WASHINGTON -- Well, of course the president who claimed bone spurs to dodge the Vietnam War wants the biggest, bestest military parade ever, with lots of tanks and rockets and flags -- zillions of flags -- and fighter jets screaming overhead. Why is anyone surprised?

We should have seen it coming. And be careful, parade-watchers: As far as Dear Leader Trump is concerned, anyone who fails to cheer as the bands play and the troops march by will surely be guilty of treason.

It was entirely predictable to learn, thanks to The Washington Post, that Trump has been hectoring the nation's top military leaders to give him a huge martial parade down Pennsylvania Avenue, complete with heavy weapons. Trump envisions a display of military might like the parades we used to see file past the Kremlin reviewing stand in the days of the Soviet Union -- and like the somewhat less grim procession he jealously witnessed in Paris on Bastille Day.

Trump has already matched North Korean dictator Kim Jong Un in dangerous, unhinged rhetoric. Now it appears he hopes to surpass his rival in linear mileage of meaningless military display.

It is hard to imagine any other president summoning his generals to demand not a better strategy in Afghanistan, not a detailed plan for success in Syria, but rather an elaborate entertainment that gives him an opportunity to be seen reviewing the troops. In this reality-show presidency, it sounds like the kind of extravaganza that one could imagine as a series finale. If so, bring it on.

Press Secretary Sarah Huckabee Sanders issued one of her customary useless explanations Wednesday. "President Trump is incredibly supportive of America's great service members who risk their lives every day to keep our country safe," she said in a statement. "He has asked the Department of Defense to explore a celebration at which all Americans can show their appreciation."

We've had military parades in the capital before, but generally they have been staged to mark a victory -- the rout of Saddam Hussein's forces in the 1991 Gulf War, for example. At present, we don't have a fresh victory to celebrate -- or even a vaguely recent one. Trump wants the pomp without the usual circumstance.

Again, why should anyone be shocked that Trump would care much about style and not at all about substance?
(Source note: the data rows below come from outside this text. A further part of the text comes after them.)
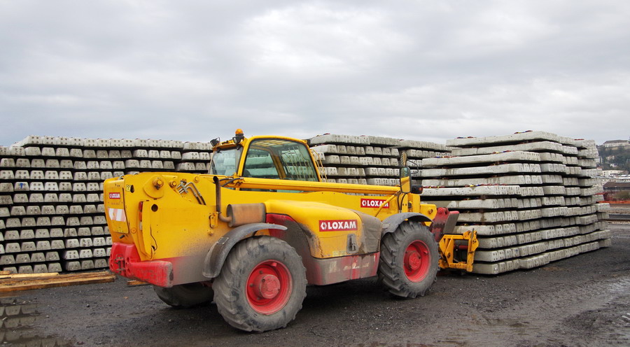 et utilisation aussi d'un chariot télescopique LOXAM pour le rangement du stock de traverses
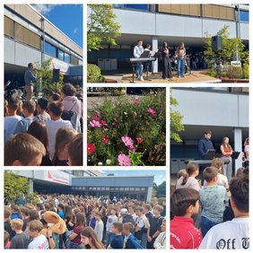 Es ist mittlerweile eine schöne Tradition: am ersten Schultag versammelt sich die Schulgemeinde, die Sonne scheint und die Band "The Lions" sorgt für gute Stimmung. Unser Schulleiter Dr. Brand begrüßte die Schüler*innen und dankte ihnen noch einmal für ihren Einsatz rund um den Festakt zum Jubiläum. Mit Blick auf den EM-Sieg am Vorabend der Basketball-Nationalmannschaft gab er den Jugendlichen Folgenes mit: "Im Team geht alles - außer Klassenarbeiten 😉". Auch der Schülersprecher Christian Feit und seine Stellvertreterin Liana Walter wünschten allen einen guten Start, viele tolle Erlebnisse und riefen dazu auf, sich zu engagieren: "Ihr habt hier so viele Möglichkeiten, mitzumachen!" In 3 Wochen wird dann der neue Schülersprecher - oder die neue Schülersprecherin gewählt, hoffentlich gibt es viele tolle Kandidat*innen!
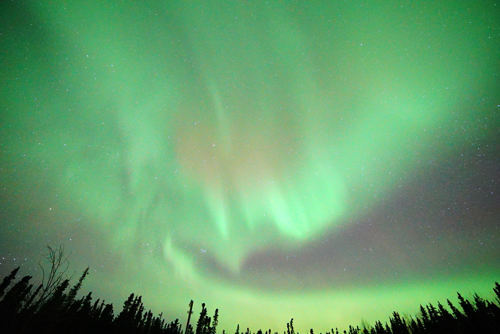 翌日には、ゆらゆらと全天をあかりがうごめいていました。あかりが降りかかる前には、狼が盛んに遠吠えをして教えてくれました。フェアバンクス郊外の「NorthernSkyLodge」にて撮影しました。
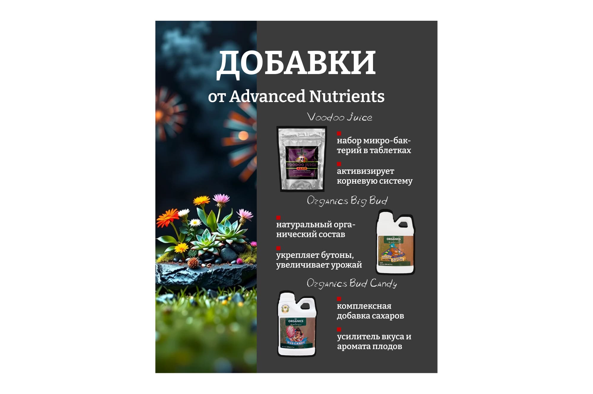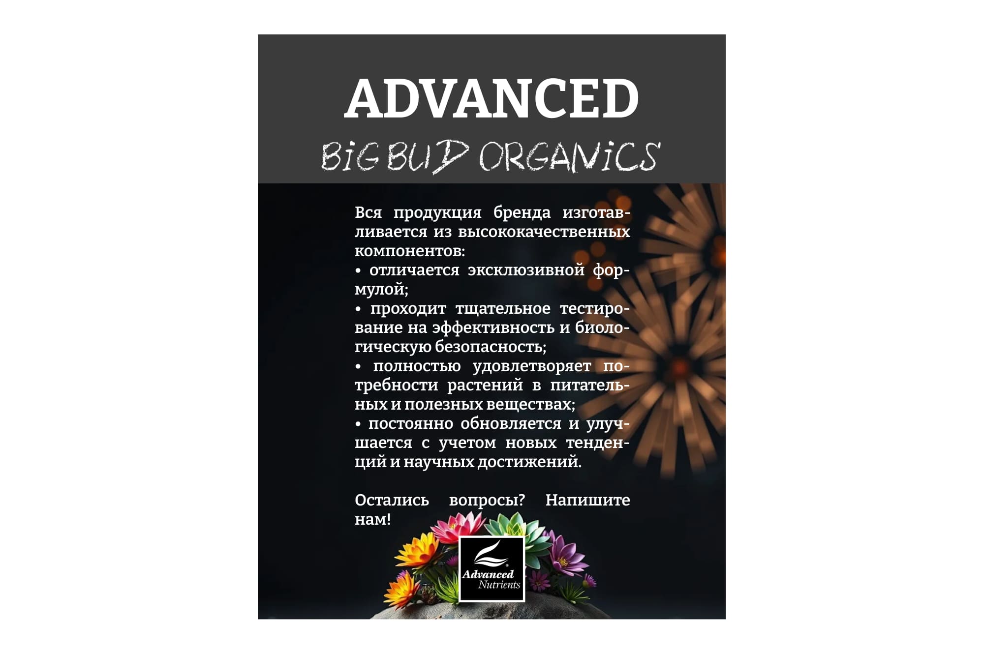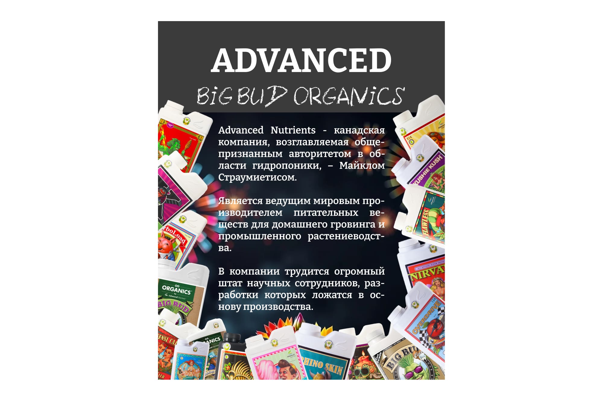 ПРИМЕЧАНИЕ: В Advanced Nutrients не используется паклобутразол, даминозид или любые другие запрещенные регуляторы роста растений.
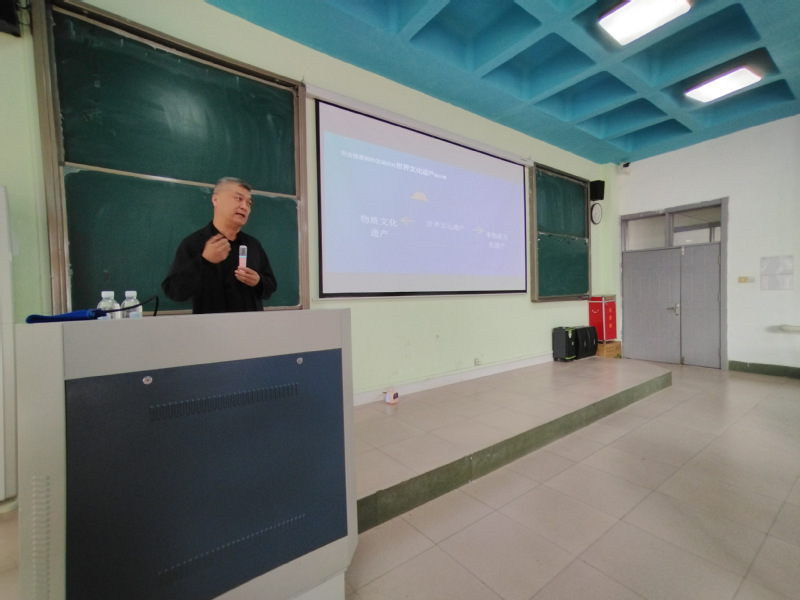 随后,文化和旅游部恭王府博物馆学术委员会副主任孙冬宁教授以《守护者·致匠心——非物质文化遗产的保护与传承》为题,带来一场高屋建瓴的学术讲座。他从非遗分类及内容、工作团队及业务职能、传统工艺分类保护的策展案例等三个方面,并结合我校陶琉丝特色,对黄河流域、大运河沿线的相关非遗进行了梳理。深刻剖析了“守护者”的文化使命与“匠心精神”在当代的价值内涵。他强调了“以研带展、以展促研、四展四研”的非遗策展工作特色,将传统工艺与现代设计深度融合,服务于当代生活。
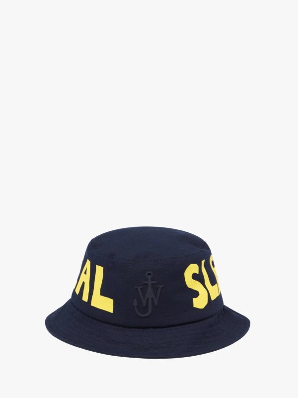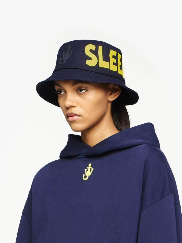 Women REAL SLEEP’ SLOGAN BUCKET HAT Navy | JW Anderson HATS
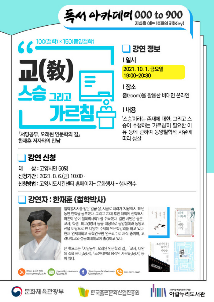 [부자동네타임즈 김인수기자] 고양시 아람누리도서관은 문화체육관광부가 주최하고 한국출판문화산업진흥원이 주관하는 2021년 독서아카데미 수행기관으로 선정돼 ‘지식을 여는 10가지 키(key)’의 시즌3을 진행하고 있다. 시즌 3의 두 번째 강연 10월 1일(금) 오후 7시에 진행된다.
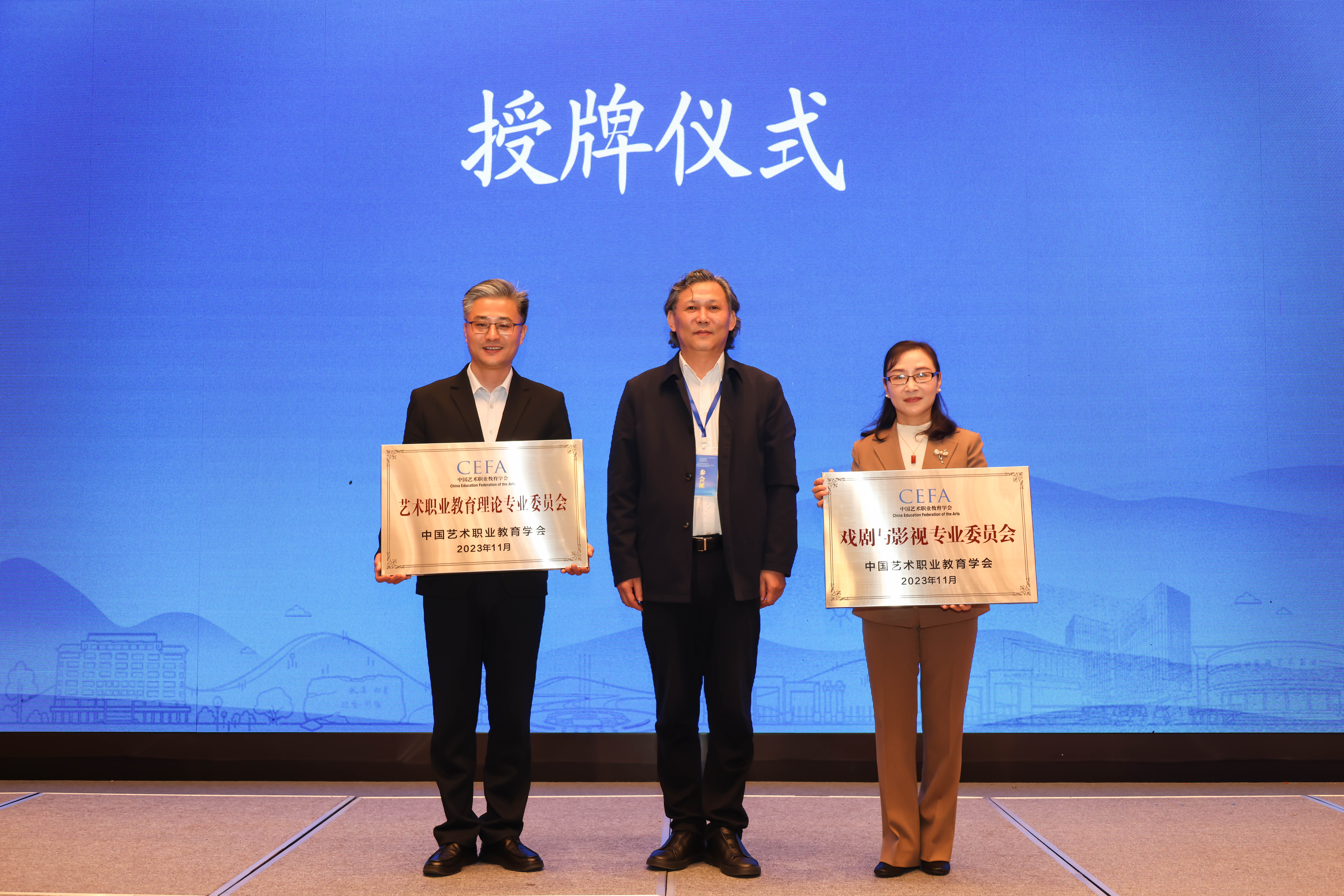 会议还正式宣布了审议通过的新一届艺术职业教育理论专业委员会、戏剧与影视专业委员会主任委员、副主任委员、秘书长及副秘书长名单,并颁发了聘书。
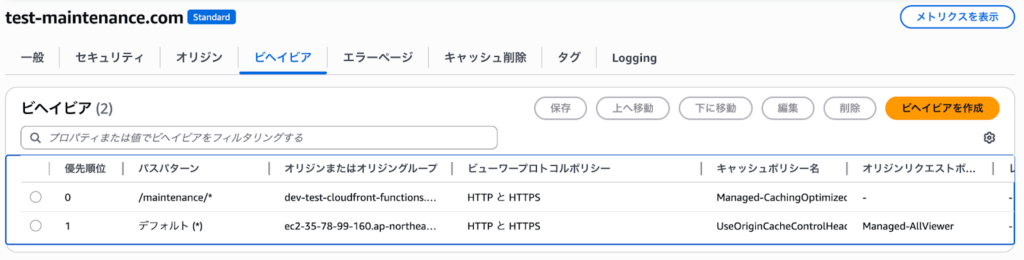 パスパターンは「 /maintenance/* 」、オリジンは dev-test-cloudfront-functions 、ビューワープロトコルポリシーを「 HTTP and HTTPS 」に設定し、後はデフォルトのまま作成します。
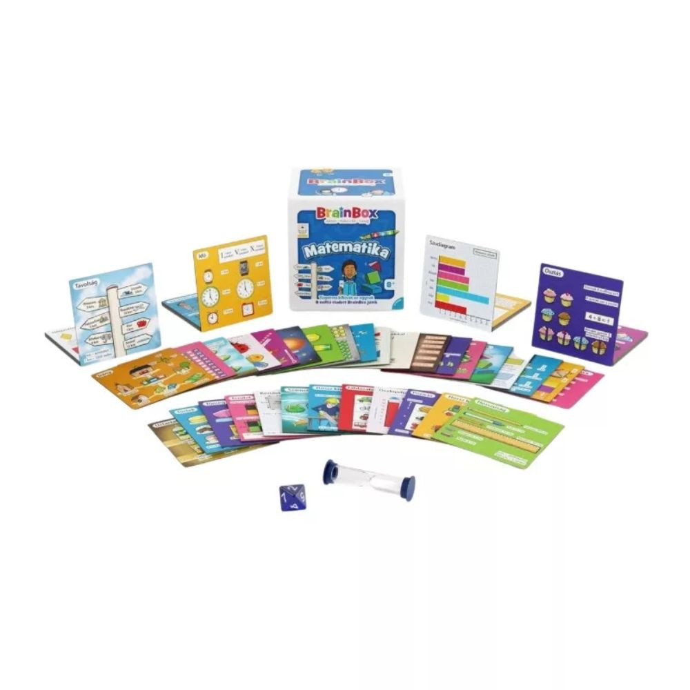 A BrainBox doboz tele van játékos feladványokkal – te hány dolgot tudsz megjegyezni 10 másodperc alatt? Hány szög van egy háromszögben? Mennyit ér 8 × 6? Felismered, ha egy minta szabályosan ismétlődik? A BrainBox – Matematika játékkal a számolás és a koncentráció válik igazi élménnyé! Játsszunk együtt, tanuljunk együtt! Ez a kártyajáték szórakoztató módon hozza közelebb a számok világát. Nem kell tankönyv – csak figyelem és gyors észjárás! A játék fejleszti a memóriát, a logikus gondolkodást és az önbizalmat. Ideális választás családi estékhez, iskolai gyakorláshoz vagy baráti kihívásokhoz. Hogyan játszd?
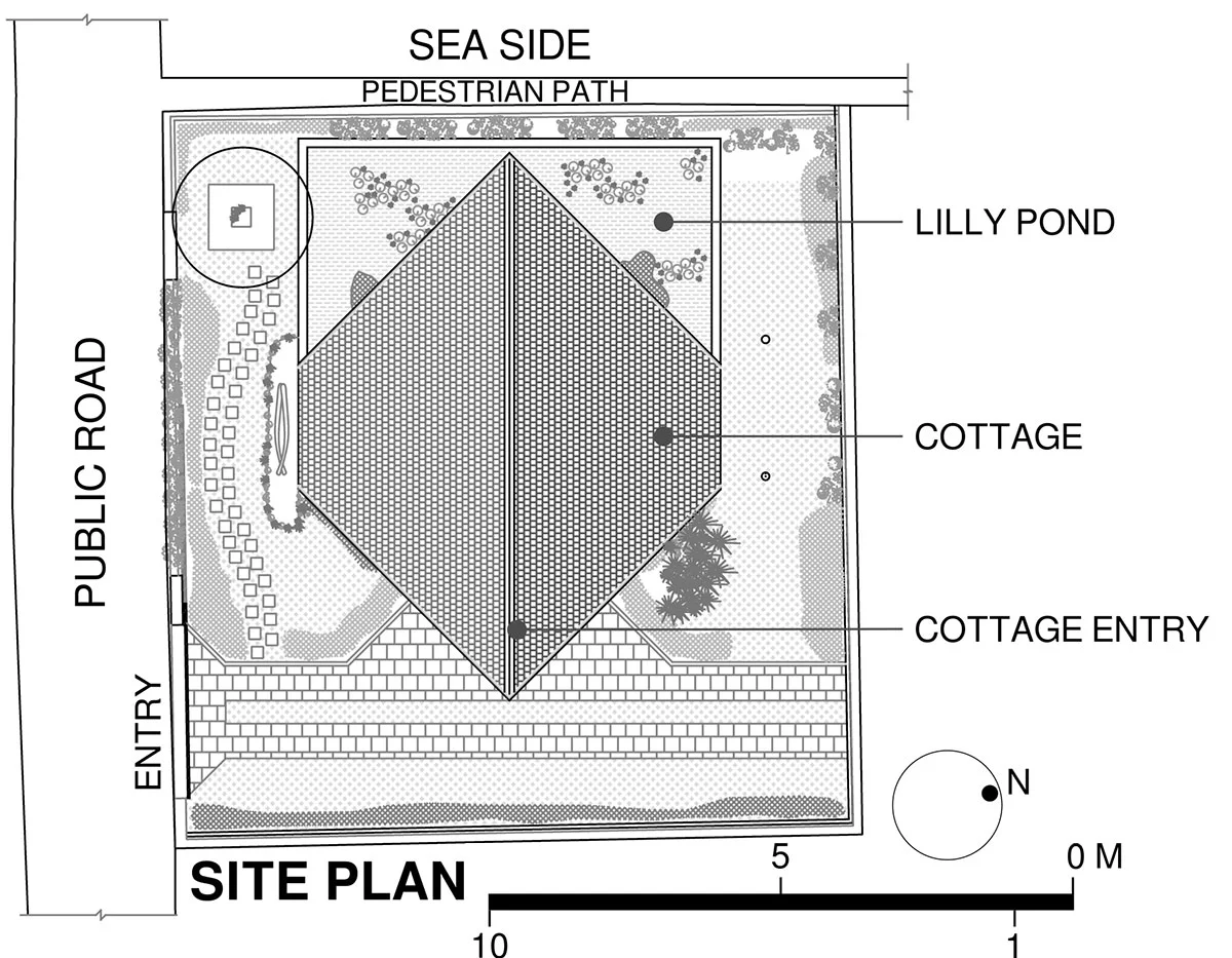 Công trình nằm trên khu đất khoảng 344m2 (8,5 cents), thuộc vùng quản lý bờ biển CRZ nhóm 3 (Coastal Regulation Zone - khu vực hạn chế quy mô xây dựng). Diện tích xây dựng tối đa vì thế chỉ 93m2 (1000 sq.ft). Bối cảnh xung quanh là khu ở của ngư dân và ngay cạnh lối xuống bãi biển, đòi hỏi công trình vừa kín đáo vừa khai thác lợi thế nhìn ra biển.

The only question is whether the parade idea is evidence of his alleged political genius or his delicate and damaged psyche. I vote for the latter.

There is a semi-plausible argument that Trump could consciously use such a patriotic extravaganza as a wedge, the way he has used the NFL anthem protests. It could be a with-me-or-against-me ploy. If you support the parade, you love America; if you don't, you don't.

But a celebratory military parade with nothing to celebrate could also highlight the gulf between Trump's campaign promises and his actions. He pledged to wind wars down and bring the troops home; he has done quite the opposite. A claim of final victory over the Islamic State -- perhaps Trump's most likely boast -- would be made to look empty and foolish by the next terrorist attack.

Trump is more a creature of instinct than calculation. My guess is that both his narcissism and his authoritarianism are at play in his need to honor himself with a parade.

Despite his boastful tweetstorms, the president clearly realizes that his approval ratings are historically low. He is so unpopular that he will not even risk a state visit to London to open the new U.S. embassy there for fear of being humiliated by mass protests. The campaign-style rallies he so enjoys do not appear well-designed to advance a political agenda; they do, however, boost his spirits and massage his ego.

Imagine all the love he would feel while reviewing a miles-long parade whose participants all had the sworn duty to show him respect as commander-in-chief. He would be saluted and serenaded to his heart's content. It would be an egomaniac's heaven.

Trump's big parade would also be a massive display of power -- not so much the nation's as his own. There is not a soul on earth who doubts the overwhelming strength of the U.S. military. I can think of one soul, however, who is insecure enough in his own authority that he accuses members of Congress who do not stand and applaud him of treason.

Trump seems shocked to learn that the legislative and judicial branches do not have to do whatever he says. The military marching bands do, though.